(Records from a data collection)

....................

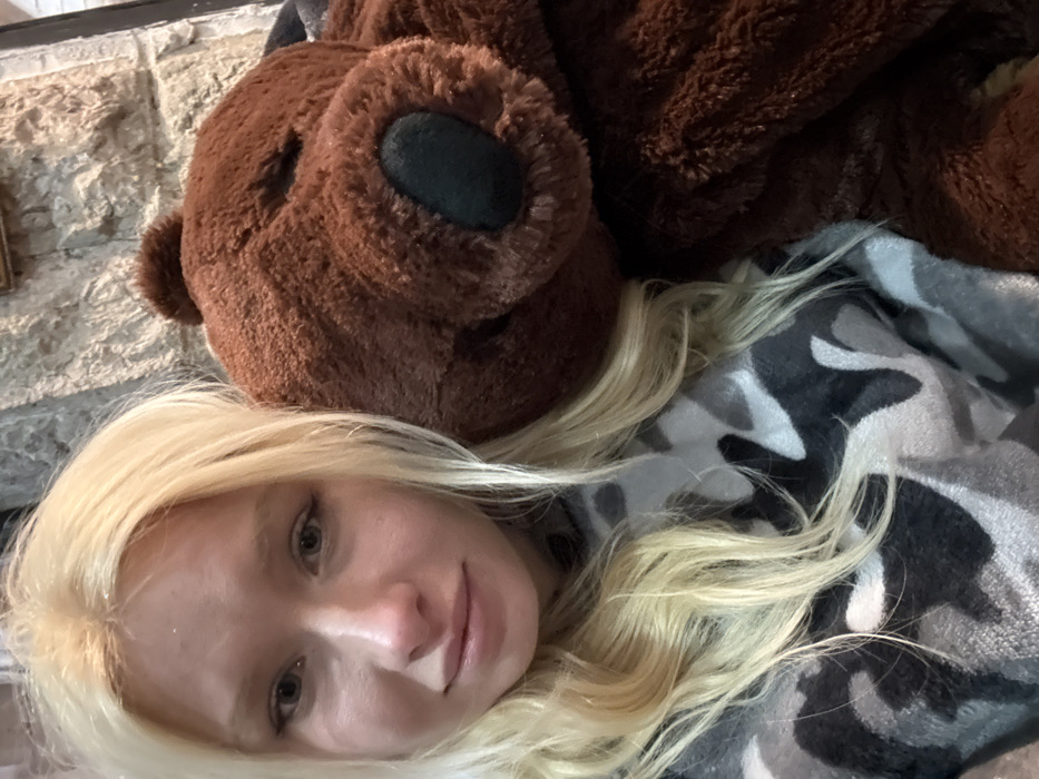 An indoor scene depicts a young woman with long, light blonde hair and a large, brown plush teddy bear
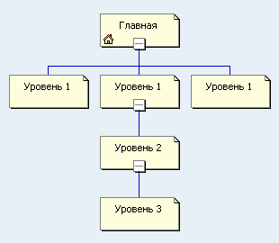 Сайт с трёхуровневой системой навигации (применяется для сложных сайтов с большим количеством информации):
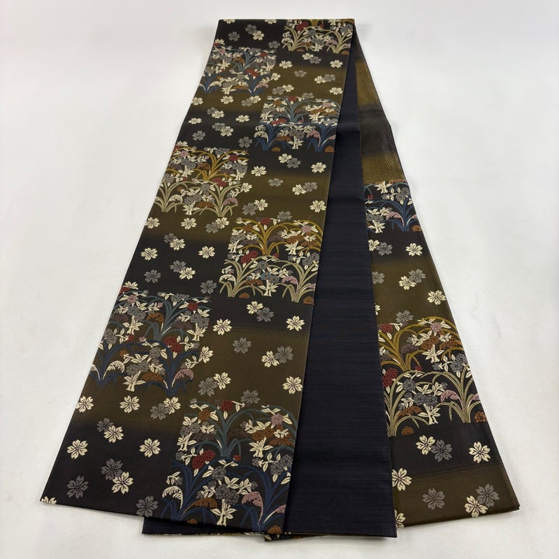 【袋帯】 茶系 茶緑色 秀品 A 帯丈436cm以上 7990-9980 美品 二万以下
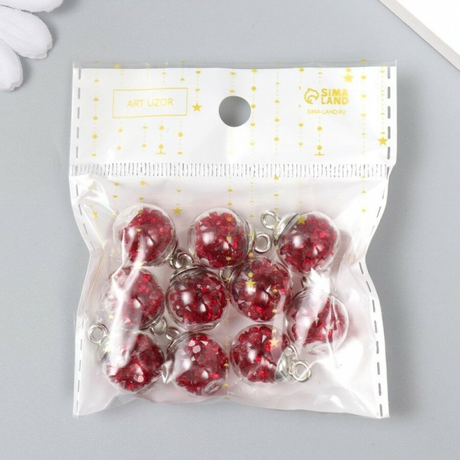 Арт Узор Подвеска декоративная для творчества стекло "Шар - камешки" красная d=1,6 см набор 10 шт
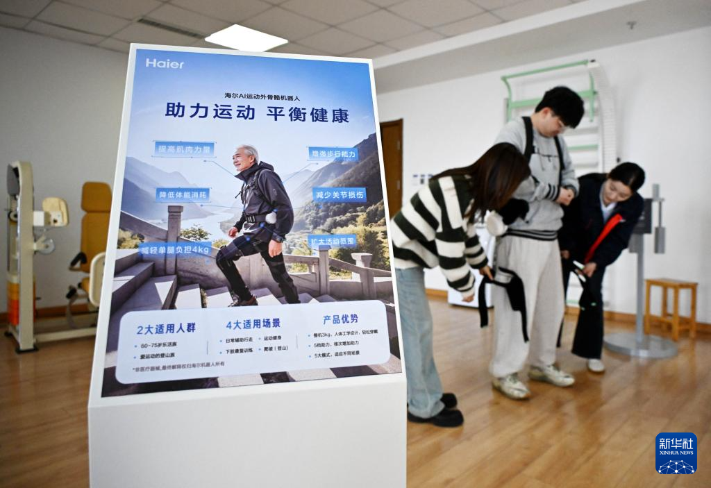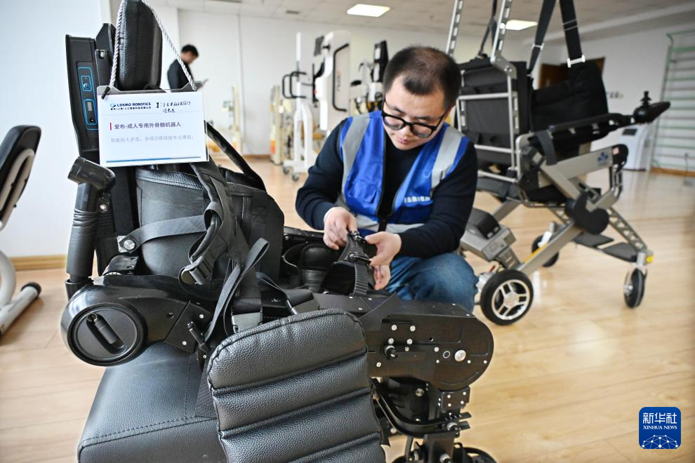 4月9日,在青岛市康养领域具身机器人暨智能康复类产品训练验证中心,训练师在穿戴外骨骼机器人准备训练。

....................

**The problem**
I would like the data copied exactly as it stands, with no pictures included.

**Response below**
 An indoor scene depicts a young woman with long, light blonde hair and a large, brown plush teddy bear
 Сайт с трёхуровневой системой навигации (применяется для сложных сайтов с большим количеством информации):
 【袋帯】 茶系 茶緑色 秀品 A 帯丈436cm以上 7990-9980 美品 二万以下
 Арт Узор Подвеска декоративная для творчества стекло "Шар - камешки" красная d=1,6 см набор 10 шт
 4月9日,在青岛市康养领域具身机器人暨智能康复类产品训练验证中心,训练师在穿戴外骨骼机器人准备训练。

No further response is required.